Preschool at Home

Little girls playing laptop

A quality preschool is expensive, but extremely beneficial to a child. Unfortunately, even with the government paying for a set number of preschool hours every week, many families find themselves unable to take advantage of the program or simply preferring to offer their child preschool instruction at home. If this is the case in your home, creating a preschool in your home is a very viable option.

Preschool Curriculum

You can immediately distinguish a quality preschool from a poor preschool, or a childcare center disguised as a preschool, by asking about curriculum. A preschool has curriculum just as a primary school would. These are the areas that will be covered during the year and the formal curriculum is arranged according to subjects, developmental areas and skill building.

To establish a mini-preschool in your own home, you’ll want to obtain the same standard of curriculum used in the higher quality programs. You can buy curriculum packets and books with various pages of coloring and assignments at teacher supply stores. You might also gather books to give you ideas regarding art and science projects as these are large portions of many preschool classes as well.

Preschool Basics

A child goes to preschool for many reasons, not all of which are academic. In preschool, your child will learn skills including:

  • Time and calendars
  • Colors and shapes
  • Letters and Numbers
  • Basic phonics
  • Writing skills
  • Reading skills
  • Numbers concepts
  • Science awareness and concepts
  • Social awareness
  • Orderly conduct
  • Systematic behavior
  • Peer interaction

These are taught throughout the weeks and months and at the end of preschool, most children can recognize letters and sounds and some are even reading on their own.

Academic areas will be covered in a curriculum. Worksheets you can remove from workbooks will give you a good idea how to teach writing skills and math basics. Science labs and observations will entertain your child and help make him aware of the world around him, and working in your community can also help him learn social awareness.

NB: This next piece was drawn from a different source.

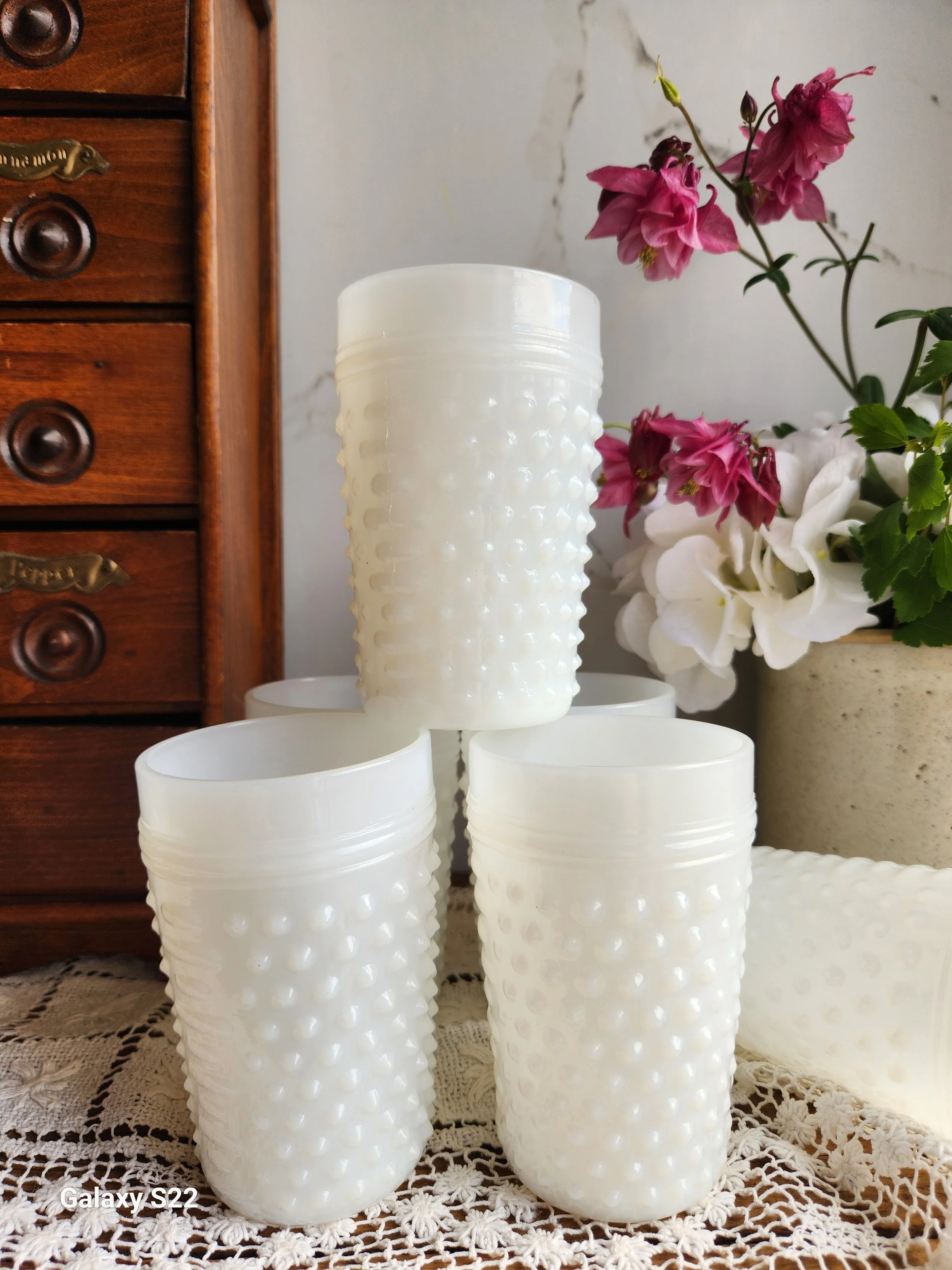 Shoppe › Vintage Fenton Milkglass hobnail cups Image 1 of 2 Image 2 of 2 Vintage Fenton Milkglass hobnail cups $56.00 These are the best size and there are 12 available! Sold in sets of four 3x5 Add To Cart Added! These are the best size and there are 12 available! Sold in sets of four 3x5 Reviews Reviewer Name Review Date Star Rating Description Posted on Etsy Product Show More

The areas you’ll be challenged to replicate at home are the classroom procedures and peer interaction. Learning to function in a classroom is a very big part of preschool. Sitting on the rug for story time and then moving from center to center is very much a real fundamental. Walking in line and waiting for a turn at the water fountain can be a huge lesson to learn as well.

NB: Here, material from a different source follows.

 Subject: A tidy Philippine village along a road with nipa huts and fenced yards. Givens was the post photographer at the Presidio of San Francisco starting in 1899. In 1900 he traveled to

The largest lesson learned for preschoolers is how to interact and work with peers. Toddlers enjoy playing in the company of other children, but preschoolers thrive on it. They love to interact together and create imaginary situations. They must also learn to share and to handle themselves appropriately when frustrated or excited in a classroom. Teaching your child at home does not leave much room for social interaction of this sort. You can work with other parents to establish a formal playgroup that might help with some aspects of socialization, but until your child is in a formal classroom, it’s likely he won’t have a full opportunity to develop these critical skills.